Turkey, ruled by the Justice and Development Party (or AKP), has over the past years openly opposed Bashar al-Assad’s rule in Syria. Still, it took Recep Tayyip Erdogan many years to actually send his troops next door . . . until late February that is.

About three weeks after the lifting of the siege of Kobani right across the Turkish-Syrian border and just days after having agreed to train a new “Syrian rebel” force in the central Anatolian town of Kırsehir, Turkey’s AKP-led government ordered its Armed Forces (or TSK, in its acronymized Turkish form) to perform a rather spectacular operation that began late Saturday and ended in the early hours of Sunday (21-22 February 2015).

Turkish troops crossed into Syrian territory to remove the remains of “the grandfather of Sultan Osman, the founder of the Ottoman dynasty” (an obscure historical figure called Suleyman Shah) as well as the Turkish soldiers guarding his tomb inside Syria.

This strange rescue operation received the name ‘Shah Firat’. The existence of this Turkish exclave on Syrian soil goes back to 1921 when Ankara’s Grand National Assembly, then constituting the country’s provisional government, signed an agreement with the French, bringing an end to hostilities and demarcating the territories held by the provisional Turkish government and France, respectively. The document’s 9th article deals specifically with the tomb of Suleyman Shah, stipulating that the building and its grounds “shall remain, with its appurtenances, the property of Turkey, who may appoint guardians for it and may hoist the Turkish flag there.”
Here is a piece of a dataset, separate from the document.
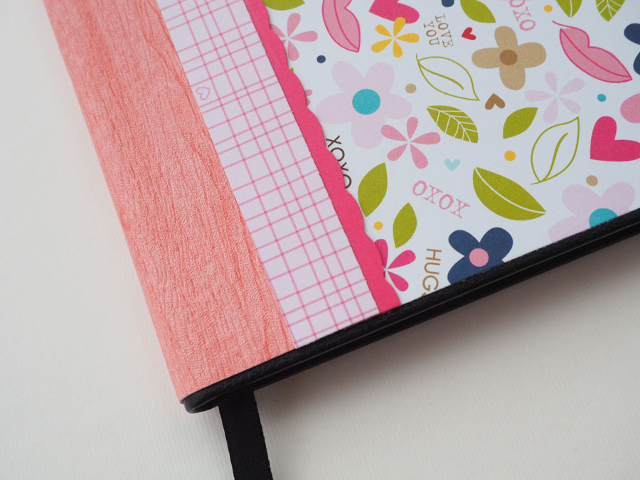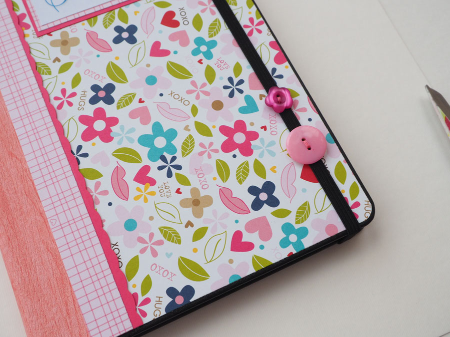 Es una libreta decorada con un papel muy alegre de la colección Kiss me de Bella BLVD. He forrado el lomo con ecopiel rosa, y he forrado toda la tapa con el papel de flores. He puesto una tira de papel de cuadritos y una tira de cartulina cortada con forma de ondas. Esto además de decorar tapa la junta del papel con la ecopiel, y así queda disimulado. El nombre impreso en cartulina blanca con un marquito rosa y de cuadritos alrededor. Cierre de goma con un par de botones cosidos.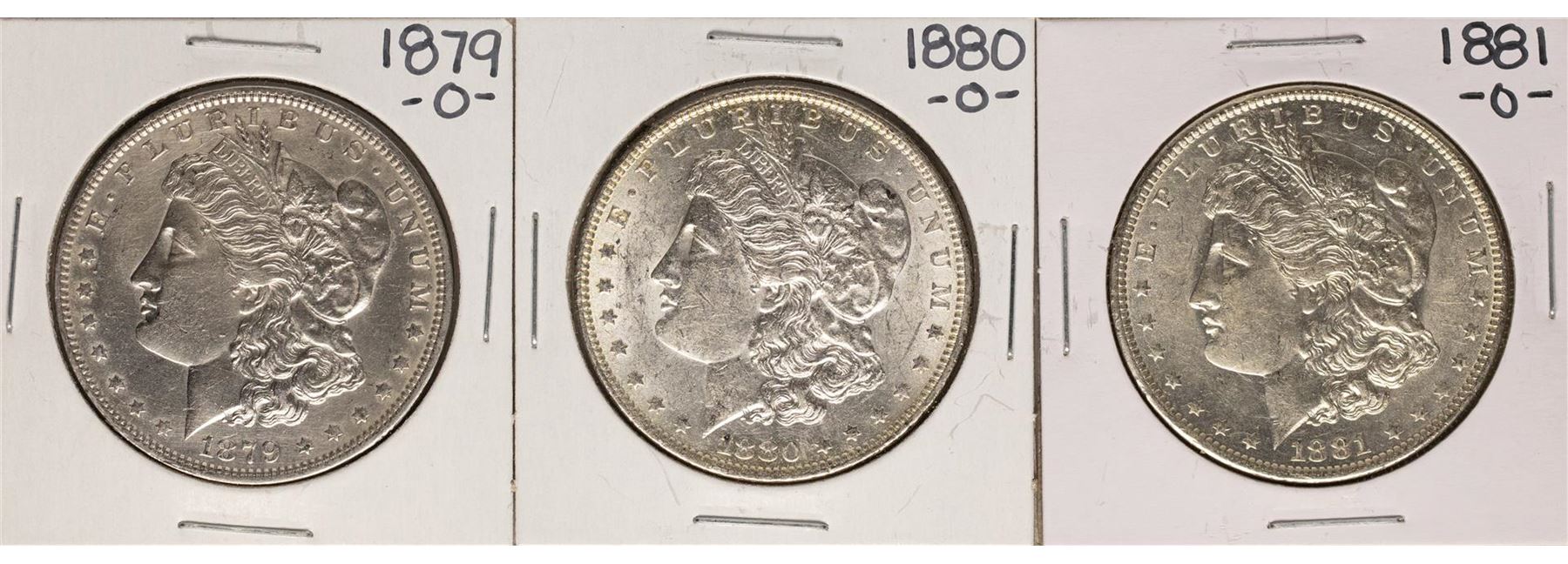One Lot of 1879-O to 1881-O $1 Morgan Silver Dollar Coins.

The tomb has been in the Turkish media for many months now. As long ago as August 2013, the then-still-PM Tayyip Erdogan declared that the “tomb of Suleyman Shah [in Syria] and the land surrounding it is our territory. We cannot ignore any unfavorable act against that monument, as it would be an attack on our territory, as well as an attack on NATO land . . . Everyone knows his duty, and will continue to do what is necessary.”

As such, the Islamic State (or IS, then still primarily known as ISIS/ISIL) had been threatening the Turkish exclave ever since March 2014. In fact, in the course of the following month the AKP leadership even appeared willing to organize a false flag attack on the tomb to garner popular support in the then-upcoming local elections. In the end, however, a leaked recording of an incriminating conversation seems to have thwarted these efforts. Turkey’s government has long had diplomatic contacts and ties with the IS and other Islamist groups in Syria, notably the outfit named Ahrar al-Sham.